Now that I have taken the time to learn some of these tools and how to use them with matplotlib, I have started to see matplotlib as an indispensable tool. This post will show how I use matplotlib and provide some recommendations for users getting started or users who have not taken the time to learn matplotlib. I do firmly believe matplotlib is an essential part of the python data science stack and hope this article will help people understand how to use it for their own visualizations.
Why all the negativity towards matplotlib?
In my opinion, there are a couple of reasons why matplotlib is challenging for the new user to learn.
First, matplotlib has two interfaces. The first is based on MATLAB and uses a state-based interface. The second option is an an object-oriented interface. The why’s of this dual approach are outside the scope of this post but knowing that there are two approaches is vitally important when plotting with matplotlib.
The reason two interfaces cause confusion is that in the world of stack overflow and tons of information available via google searches, new users will stumble across multiple solutions to problems that look somewhat similar but are not the same. I can speak from experience. Looking back on some of my old code, I can tell that there is a mishmash of matplotlib code - which is confusing to me (even if I wrote it).
Another historic challenge with matplotlib is that some of the default style choices were rather unattractive. In a world where R could generate some really cool plots with ggplot, the matplotlib options tended to look a bit ugly in comparison. The good news is that matplotlib 2.0 has much nicer styling capabilities and ability to theme your visualizations with minimal effort.
The third challenge I see with matplotlib is that there is confusion as to when you should use pure matplotlib to plot something vs. a tool like pandas or seaborn that is built on top of matplotlib. Anytime there can be more than one way to do something, it is challenging for the new or infrequent user to follow the right path. Couple this confusion with the two different API’s and it is a recipe for frustration.
Why stick with matplotlib?
Despite some of these issues, I have come to appreciate matplotlib because it is extremely powerful. The library allows you to create almost any visualization you could imagine. Additionally, there is a rich ecosystem of python tools built around it and many of the more advanced visualization tools use matplotlib as the base library. If you do any work in the python data science stack, you will need to develop some basic familiarity with how to use matplotlib. That is the focus of the rest of this post - developing a basic approach for effectively using matplotlib.
Basic Premises
If you take nothing else away from this post, I recommend the following steps for learning how to use matplotlib:
- Learn the basic matplotlib terminology, specifically what is a
Figure
and anAxes
. - Always use the object-oriented interface. Get in the habit of using it from the start of your analysis.

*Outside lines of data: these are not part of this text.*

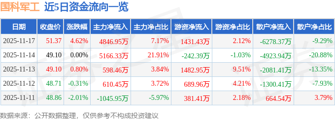 证券之星消息,截至2025年11月17日收盘,国科军工(688543)报收于51.37元,上涨4.62%,换手率11.17%,成交量12.96万手,成交额6.76亿元。
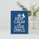 The design reads Keep Calm and Love Owls, in the style of the classic poster. There is a beautiful wise owl sitting on the words. It's a stylish design which makes a great range of presents for anyone who loves or works with owls.
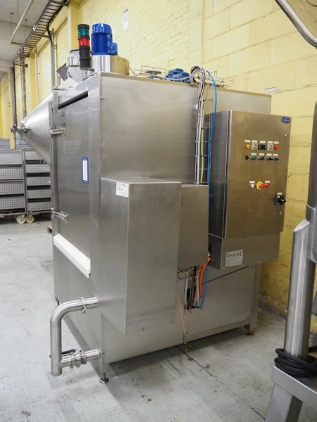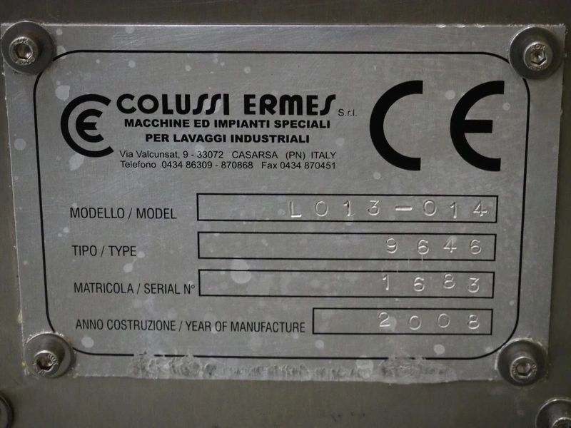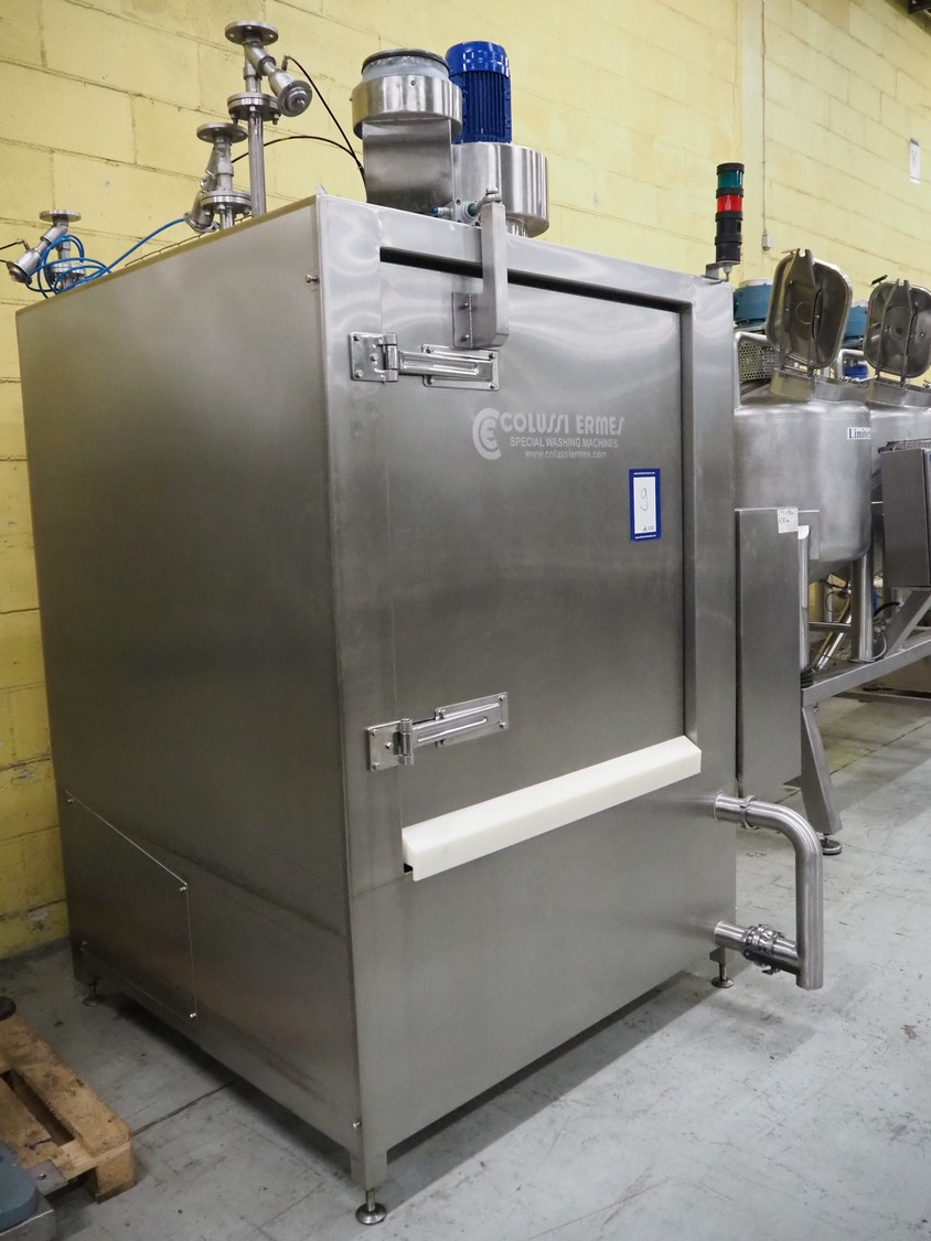 Colussi Ermers S.r.l. meat bin washer, model: L013-014, type: 9646, serial number: 1683, year of construction: 2008, dimensions: 1950 mm x 1950 mm x 2800. Including s/s fences.
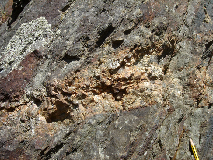 Un filon de pegmatite, à gros cristaux, recoupe les cornéennes.

- Start your visualizations with basic pandas plotting.
- Use seaborn for the more complex statistical visualizations.
- Use matplotlib to customize the pandas or seaborn visualization.
This graphic from the matplotlib faq is gold. Keep it handy to understand the different terminology of a plot.

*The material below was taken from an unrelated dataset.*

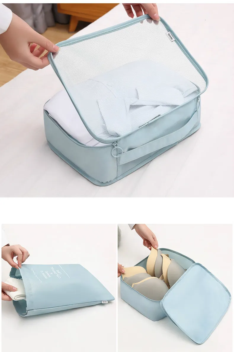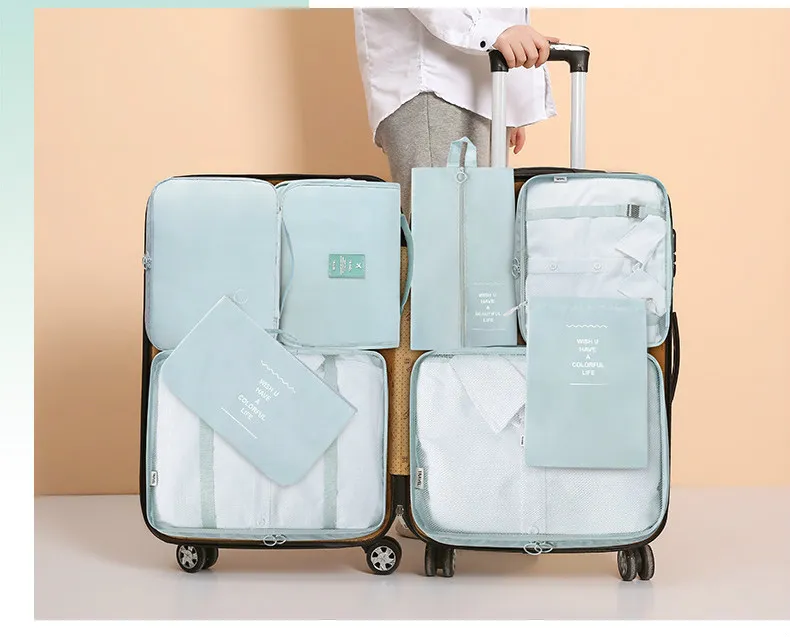 Shop the 8-piece Set Luggage Divider Bag for efficient travel storage. Organize clothes, shoes, underwear, and accessories with these packing cubes. Perfect for business trips, family vacations, and more!
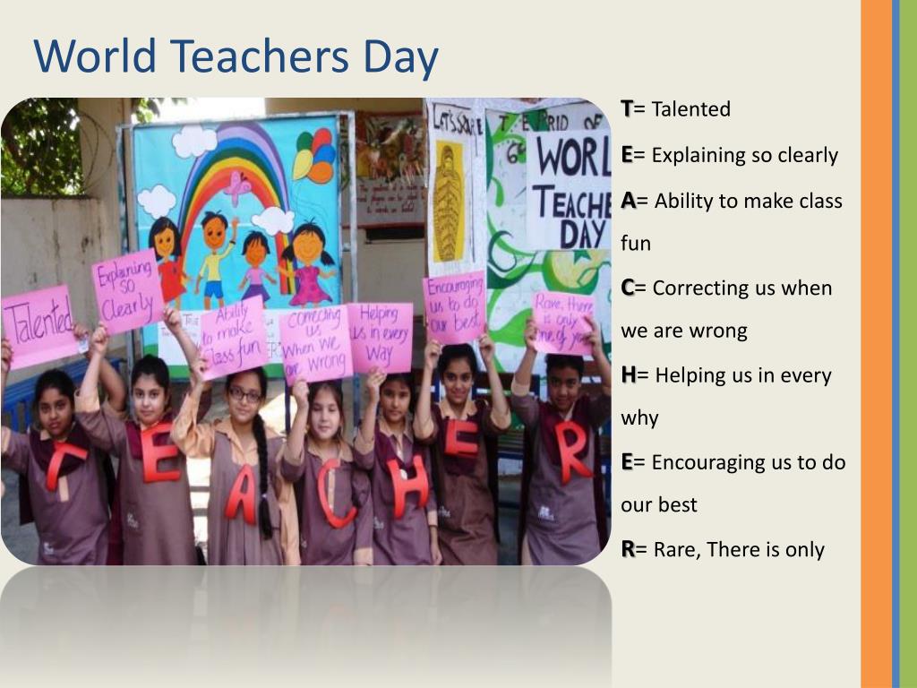 World Teachers Day T= Talented E= Explaining so clearly A= Ability to make class fun C= Correcting us when we are wrong H= Helping us in every why E= Encouraging us to do our best R= Rare, There is only

Most of the terms are straightforward but the main thing to remember is that the Figure
is the final image that may contain 1 or more axes. The Axes
represent an individual plot. Once you understand what these are and how to access them through the object oriented API, the rest of the process starts to fall into place.
The other benefit of this knowledge is that you have a starting point when you see things on the web. If you take the time to understand this point, the rest of the matplotlib API will start to make sense. Also, many of the advanced python packages like seaborn and ggplot rely on matplotlib so understanding the basics will make those more powerful frameworks much easier to learn.
Finally, I am not saying that you should avoid the other good options like ggplot (aka ggpy), bokeh, plotly or altair. I just think you’ll need a basic understanding of matplotlib + pandas + seaborn to start. Once you understand the basic visualization stack, you can explore the other options and make informed choices based on your needs.
Getting Started
The rest of this post will be a primer on how to do the basic visualization creation in pandas and customize the most common items using matplotlib. Once you understand the basic process, further customizations are relatively straightforward.
I have focused on the most common plotting tasks I encounter such as labeling axes, adjusting limits, updating plot titles, saving figures and adjusting legends. If you would like to follow along, the notebook includes additional detail that should be helpful.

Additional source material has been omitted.